- STORED DATA:
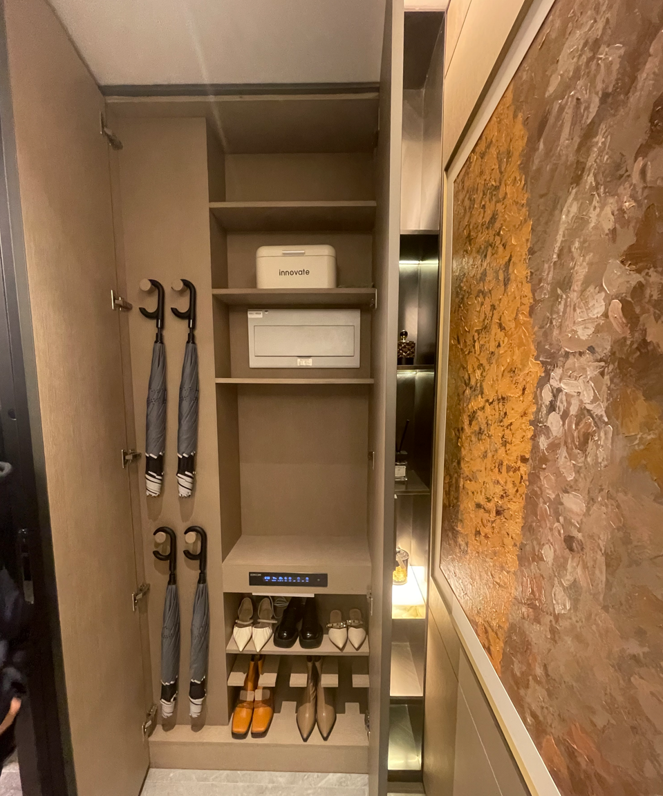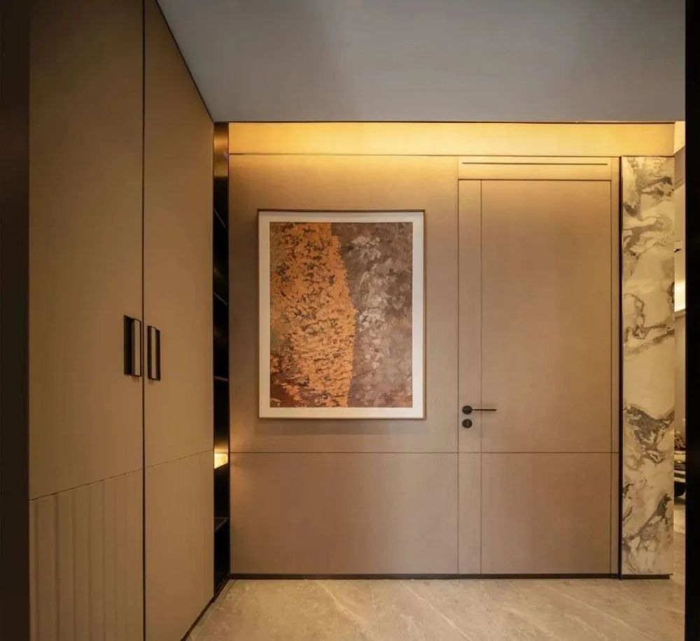 看似简单的入户玄关,富含了多种的复合储物空间配置,结合金属格栅和柔和灯光的融合处理,让归家的第一个动作都显得更加优雅从容。
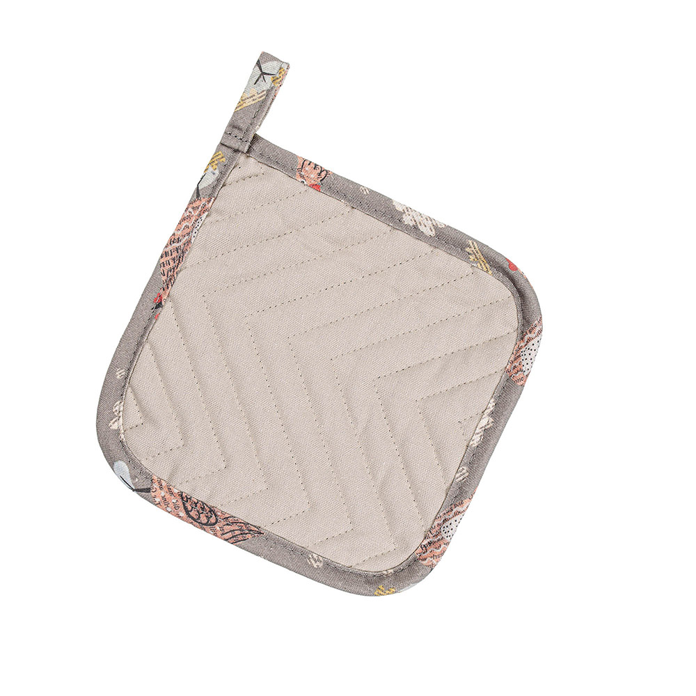 Прихватка кухонна Сhicken News Home Line. Кухонна прихватка квадратної форми, розміром 20×20 см, виготовлена з міцної тканини напівпанама (100% бавовна). Одна сторона сірого кольору з кумедним принтом курочок. Інша сторона однотонна, бежевого кольору.
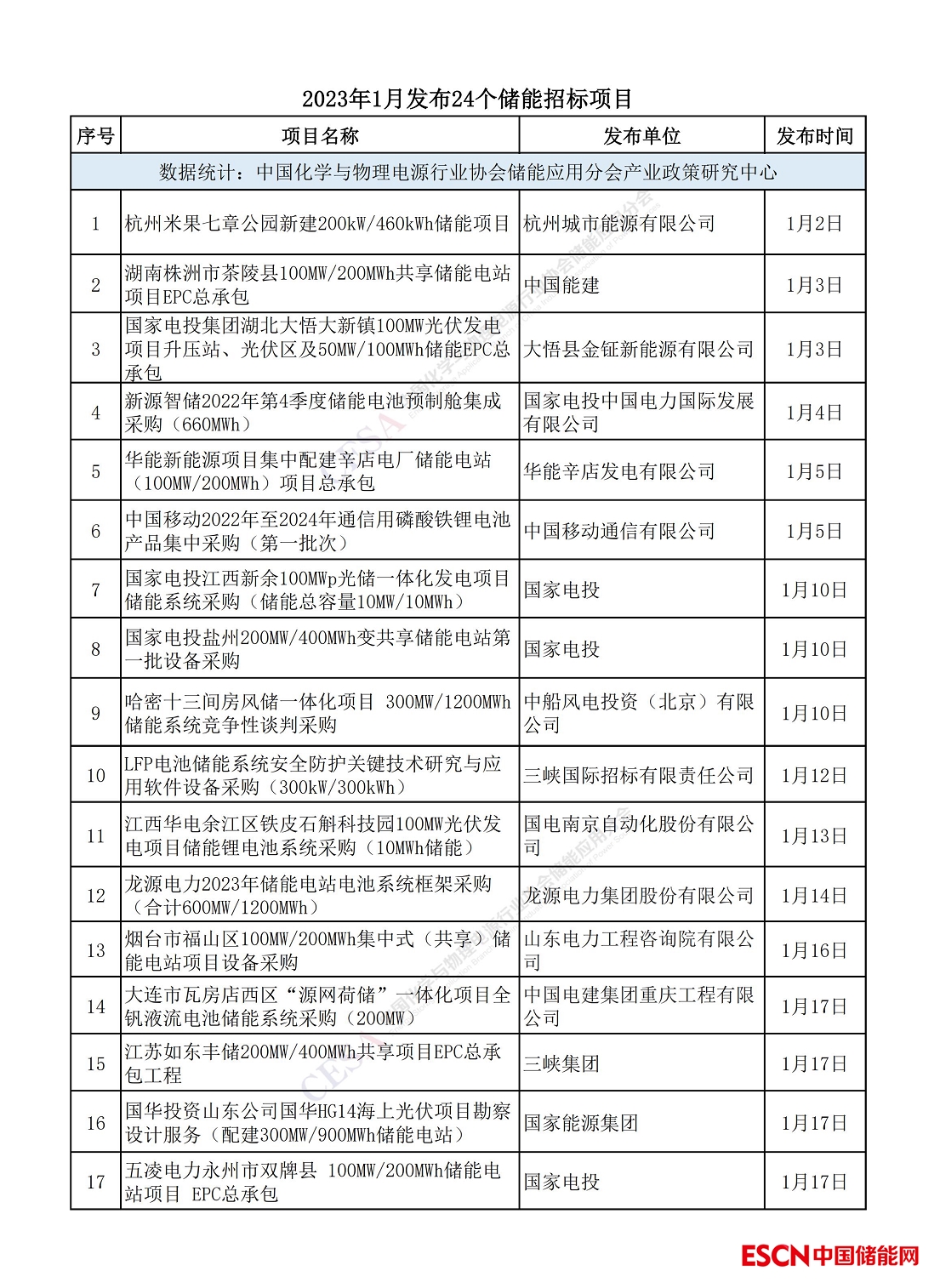 共計(jì)2.98GW/6.93GWh!2023年1月份發(fā)布24個(gè)儲能招標(biāo)項(xiàng)目
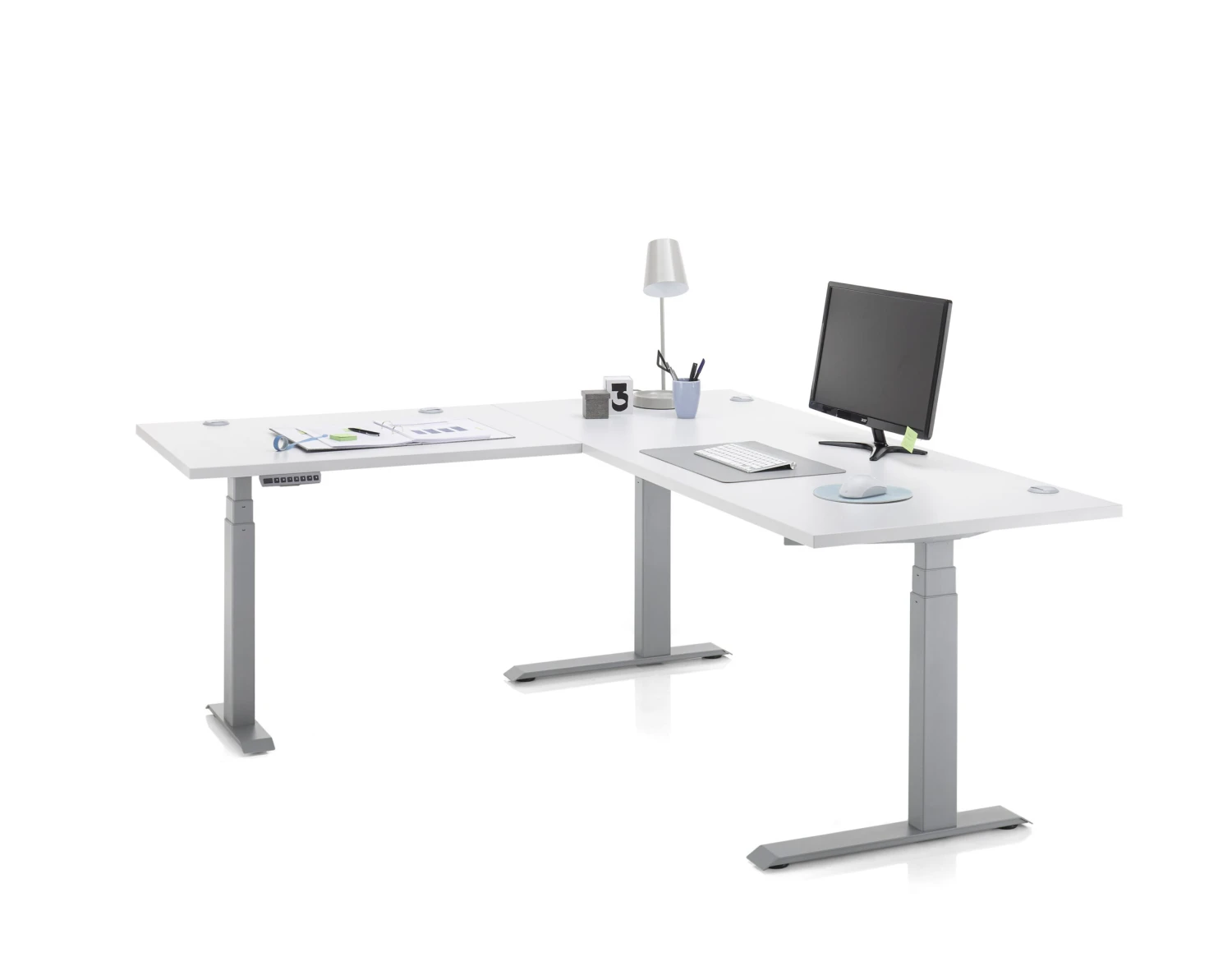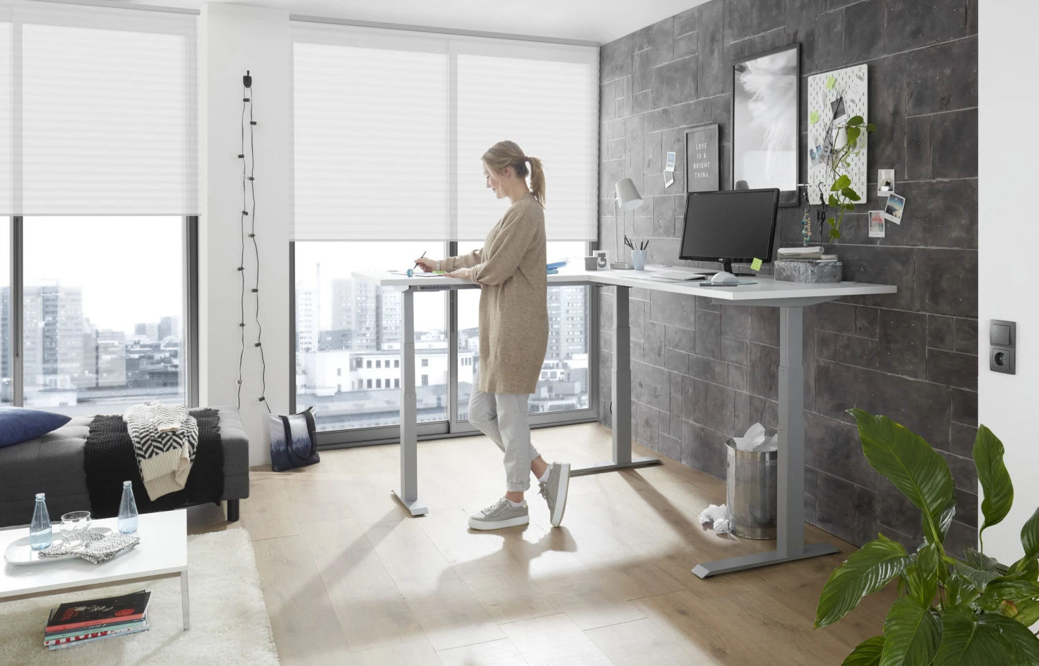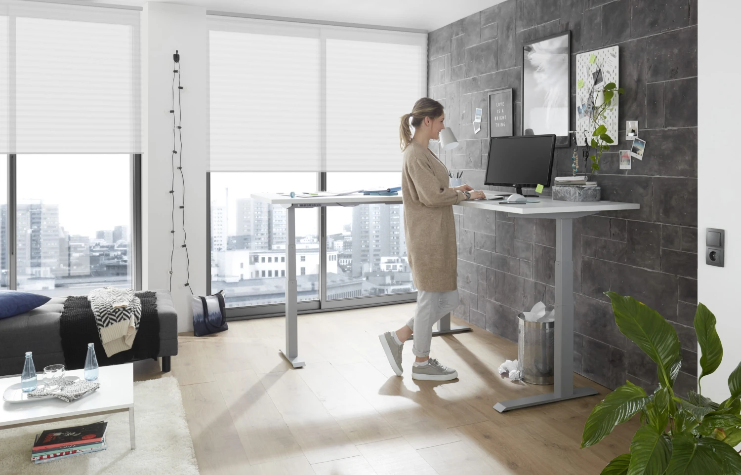 elektrisch höhenverstellbares Schreibtischgestell 4 Memory-Tasten/digitale Höhenanzeige/verstellbar (pulverbeschichtetes Stahlprofil von 64 – 129 cm)Kabeldurchführungen auf der Tischplatte

- PROBLEM TO SOLVE:
The whole listing must come back verbatim, with no pictures included.

- THE COMPLETED TASK:
 看似简单的入户玄关,富含了多种的复合储物空间配置,结合金属格栅和柔和灯光的融合处理,让归家的第一个动作都显得更加优雅从容。
 Прихватка кухонна Сhicken News Home Line. Кухонна прихватка квадратної форми, розміром 20×20 см, виготовлена з міцної тканини напівпанама (100% бавовна). Одна сторона сірого кольору з кумедним принтом курочок. Інша сторона однотонна, бежевого кольору.
 共計(jì)2.98GW/6.93GWh!2023年1月份發(fā)布24個(gè)儲能招標(biāo)項(xiàng)目
 elektrisch höhenverstellbares Schreibtischgestell 4 Memory-Tasten/digitale Höhenanzeige/verstellbar (pulverbeschichtetes Stahlprofil von 64 – 129 cm)Kabeldurchführungen auf der Tischplatte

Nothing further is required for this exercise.